Жил в Далласе Георгий Бухэ, он был холостяком. Георгию досталось хорошее наследство. Его в Далласе называли «русский царь». Он направлял общину, щедро оплачивал пикники, походы в парк. Много лет назад он умер и его близкие друзья, Гали Кларк с мужем, похоронили прах Георгия Бухэ в Нью-Йорке.

Еще одна семья — Наташа и Игорь Вошинины с отцом. Игорь был биологом, Наташа работала в офисе. После смерти мужа Наташа уехала из Далласа в столицу, в Вашингтон. В числе русскоязычной диаспоры Далласа был и преподаватель в SMU Мамонтов, кажется, внук генерала Мамонтова, вождя Донской армии.

Еще одна семья — Ирина и Виктор Вайслеп. Он русский, но родился в Турции, она — из России. Отец Виктора был послом царской России в Турции. Были еще Тео и Анна Миллер, они, к сожалению, тоже умерли. С семьей Штурман я познакомилась в конце 1970-х годов в Форт-Уэрте — это русские евреи. Он преподавал гимнастику.

— Каким был Даллас, когда вы сюда приехали? И, как он изменялся на ваших глазах?

— В 1959 году в магазинах Далласа и Форт-Уэрта не было ни сметаны, ни кислого молока.
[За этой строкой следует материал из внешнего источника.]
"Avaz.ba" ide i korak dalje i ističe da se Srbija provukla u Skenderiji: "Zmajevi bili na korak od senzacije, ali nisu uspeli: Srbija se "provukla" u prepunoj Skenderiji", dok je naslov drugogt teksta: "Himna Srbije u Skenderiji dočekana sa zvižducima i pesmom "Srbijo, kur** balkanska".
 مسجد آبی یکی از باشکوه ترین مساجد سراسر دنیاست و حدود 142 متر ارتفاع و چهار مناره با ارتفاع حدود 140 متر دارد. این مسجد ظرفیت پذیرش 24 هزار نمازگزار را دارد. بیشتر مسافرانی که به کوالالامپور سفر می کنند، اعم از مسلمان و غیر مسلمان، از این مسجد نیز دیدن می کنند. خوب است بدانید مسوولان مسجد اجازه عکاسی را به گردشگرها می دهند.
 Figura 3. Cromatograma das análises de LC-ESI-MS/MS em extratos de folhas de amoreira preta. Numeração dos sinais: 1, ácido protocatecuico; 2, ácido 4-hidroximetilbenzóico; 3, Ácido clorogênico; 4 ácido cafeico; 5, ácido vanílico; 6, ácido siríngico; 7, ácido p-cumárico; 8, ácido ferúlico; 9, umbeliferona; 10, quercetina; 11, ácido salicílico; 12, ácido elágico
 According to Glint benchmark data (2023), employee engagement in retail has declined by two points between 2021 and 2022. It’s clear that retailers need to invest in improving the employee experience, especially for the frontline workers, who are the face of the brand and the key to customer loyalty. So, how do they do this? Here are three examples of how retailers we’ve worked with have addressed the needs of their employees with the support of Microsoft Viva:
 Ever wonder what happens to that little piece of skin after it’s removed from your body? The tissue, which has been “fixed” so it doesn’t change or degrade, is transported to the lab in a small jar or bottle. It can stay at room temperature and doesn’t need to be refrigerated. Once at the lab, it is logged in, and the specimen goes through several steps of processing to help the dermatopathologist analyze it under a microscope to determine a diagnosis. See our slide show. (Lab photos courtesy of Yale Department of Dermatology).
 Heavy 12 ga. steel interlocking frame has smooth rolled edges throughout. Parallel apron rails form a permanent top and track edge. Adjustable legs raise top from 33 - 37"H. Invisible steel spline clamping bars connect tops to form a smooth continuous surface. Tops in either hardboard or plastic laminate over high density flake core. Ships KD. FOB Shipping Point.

Сегодняшняя 75 автострада была двухполосной проселочной дорогой. И за I-635 были ранчо, где паслись коровы. Самой высокой постройкой был 9-этажный Meadows Building. А детские пеленки стирали химчистки — мы заключали контракт с одной из них и вечером выставляли грязные пеленки за дверь, а утром нам их чистыми возвращали.
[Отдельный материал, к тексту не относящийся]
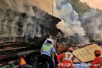 很快,句容和南京十辆消防车先后到达现场,不过,由于车上装满一层层架空的木材,消防员水枪只能扑灭外表的火焰,内部的火焰依然无法扑灭。而如果着火点扑灭不彻底,一旦复燃,就会殃及路边的树林和高压电线,那样后果不堪设想。
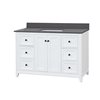 Elevate your bathroom with the Vanuria bathroom vanity, a refined blend of classic elegance and modern sophistication. Made from solid oak for long-lasting durability, this freestanding vanity is sealed with a protective lacquer that resists moisture and preserves its flawless finish. Designed for both style and function, it offers a spacious layout with two cabinet doors and six soft-close drawers for smooth, quiet access. The rectangular undermount ceramic sink includes a built-in overflow to help prevent spills, while the predrilled countertop allows for quick installation of an 8-in widespread faucet (not included). A matching 4-in backsplash adds a polished finish. Available in multiple sizes, finishes, countertop materials, and hardware colours, the Vanuria adapts to any space. With a cUPCus-certified sink and a 5-year limited warranty, this vanity delivers dependable quality and versatile design.
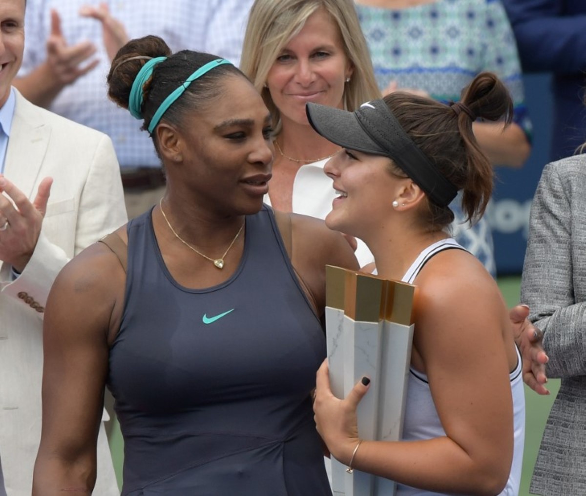 "I feel for Serena so much. I've been through so much the last year with injury so I am so sorry she had to go out this way," the 19-year-old said during the trophy ceremony.
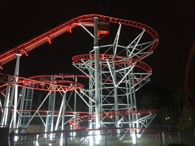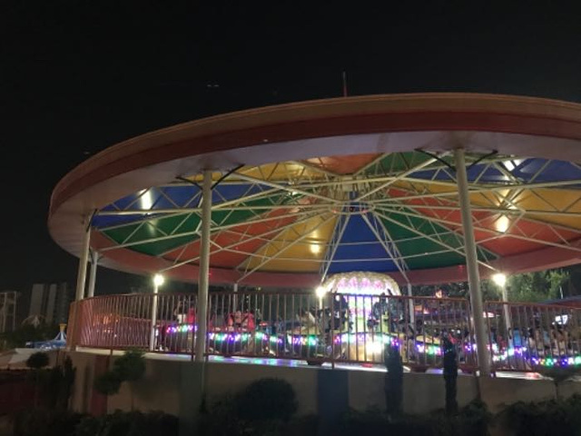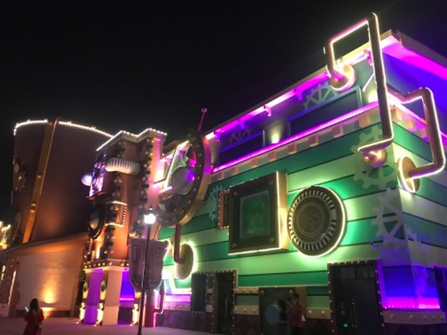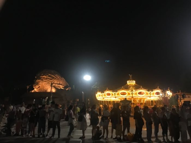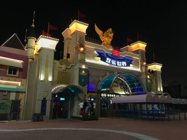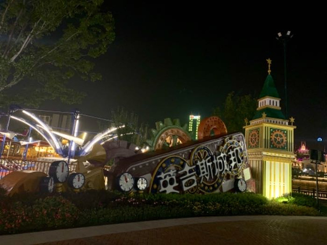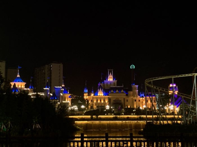 安检员要看苏康码和行程码才能进大门,做好防晒措施,带着小风扇很重要! 乐园整体还不错,值得一玩,吃饭也不贵,可以自带小零食和水,园区有直饮水,有点遗憾的是进去发现想玩的项目没有开。 周末人很多一个项目排队加玩就要浪费半个小时,有体力不急于玩项目的人可以步行,如果有带小孩子或者想快速排队的人可以租车,省时省力! 夜场是下午四点进场,排天空之塔的时候被工作人员告知要拍摄暂时不能玩,看完飞跃丝绸之路出来天就黑了,晚七点天黑以后天空之塔、过山车一类刺激项目就关掉了!晚八点半花车巡游 科普一下好玩的室外项目: 📍山洪大爆发:必要要带雨衣,园区内买10元一次性雨衣,雨衣可自带,哈哈 但也有人享受全身湿透的感觉 📍空中飞舞:离心感很强,悬在半空转圈很刺激,最高12米 📍霹雳游侠:碰碰车,人很多排队时间久 📍风筝飞行器:不刺激,除了趴着有点,一直在转很凉快 📍淘金梦矿山车:还不错,小型过山车,速度是激情的感觉,可以带着孩子一起玩 📍动物大迁徙:旋转木马,晚上玩拍照很出片 📍荣耀之轮:翻转完上下转圈,有点慢,值得一试 📍雄鹰盘旋:大飞椅,飞得很高,很凉爽 征战者过山车、草原飙风、旋风乘骑没开! 天空之塔、马赛回旋过山车排队人多没玩成,但也挺开心的! 室内项目: 全是空调房 小镇鬼影:鬼屋,小胆勿入哈哈 飞跃丝绸之路:最好不要坐第一排,仰着脖子看很累,画质有点不清晰,人多一起热闹,挺有意思 因时间关系,其他室内项目遗憾错过! 所以想玩刺激项目的人切记提前排队玩,最后到室内影院观影!好啦,夜场介绍结束啦,有时间去玩全天🔚

— На какой машине вы ездили тогда?

— Когда мы только поженились, у нас был Шевролетт 1957 года, у машины была первая и третья скорость — вторая износилась. Ну, а потом, когда мы с мужем открыли свою стоматологическую клинику, мы покупали самые лучшие машины — бизнес платил за это. Моей самой любимой машиной был Понтиак 1969 года. По правилам, каждые три года мы должны были менять автомобили. Я не хотела расставаться со своим Понтиаком, но пришлось продать. Вообще, мой муж не верил в машины «сэконд хэнд».

— А где жили ваши сестра и брат?

— Брат еще долго жил в Иране, он не хотел оттуда уезжать, потому что у него была там хорошая работа. Он женился на русской девушке. У них было четверо детей, которые сейчас живут в Америке. Сестра вышла замуж в Швейцарию и жила там с 1970 года.
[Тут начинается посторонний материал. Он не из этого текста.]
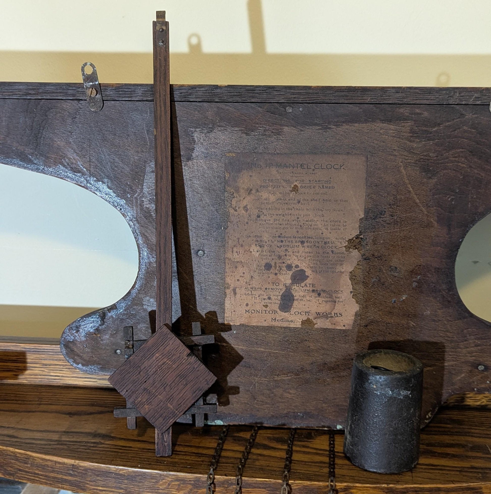 As seen in the pictures, the label retains most of the information and is useful to help validate the date of manufacture. Please see all the photos for what you're getting. The weight is not original but works and matches the weight from the original from what little information I could find. You access the movement from the front (4 screws). I've oiled the original movement which appeared in good condition.
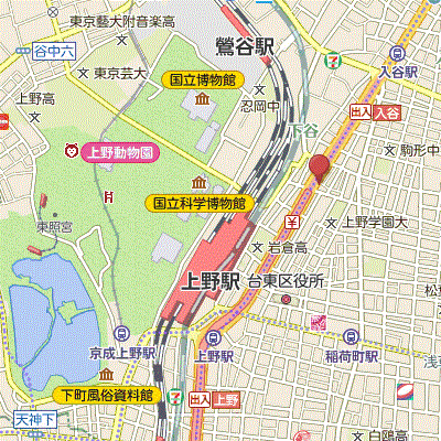 JR山手線上野駅 徒歩5分 東京メトロ日比谷線入谷(東京)駅 徒歩7分 東京メトロ銀座線稲荷町(東京)駅 徒歩8分 |

— Елена Ивановна, в Форт-Уэрте есть православная церковь Святой Варвары. По рассказам ваших друзей, именно вы ее начали…

— В Форт-Уэрте не было церкви, мы ездили в церковь Святого Серафима в Даллас к тогда священнику Димитрию (Roister). Потом из Оклахомы к нам начал приезжать отец Том — где-то раз в три или четыре месяца. Служба обычно проводилась в часовенке. Но однажды мы пришли на службу, а часовня оказалась закрытой. Домой я вернулась рано, объяснила мужу, почему службы не было. В тот же день я спросила у него: «А что, если церковь будет собираться у нас?» Муж не был против. В нашем доме была комната, которой мы практически не пользовались и, которая как раз подходила для службы. Отцу Тому понравилась эта идея. Таким образом в течение 6 лет каждую неделю церковь собиралась у нас дома — перекрасили комнату, купили стулья на распродаже, наш прихожанин сделал иконостас и подсвечники. Потом церковь Святой Барбары купила школу Монтессори в Форт-Уэрте, переоборудовала ее под церковь и еще 15 лет собирались там, пока не построили настоящий храм. Кстати, на следующей неделе у них в храме будет проходить учебный класс, они будут расписывать яйца — писанки.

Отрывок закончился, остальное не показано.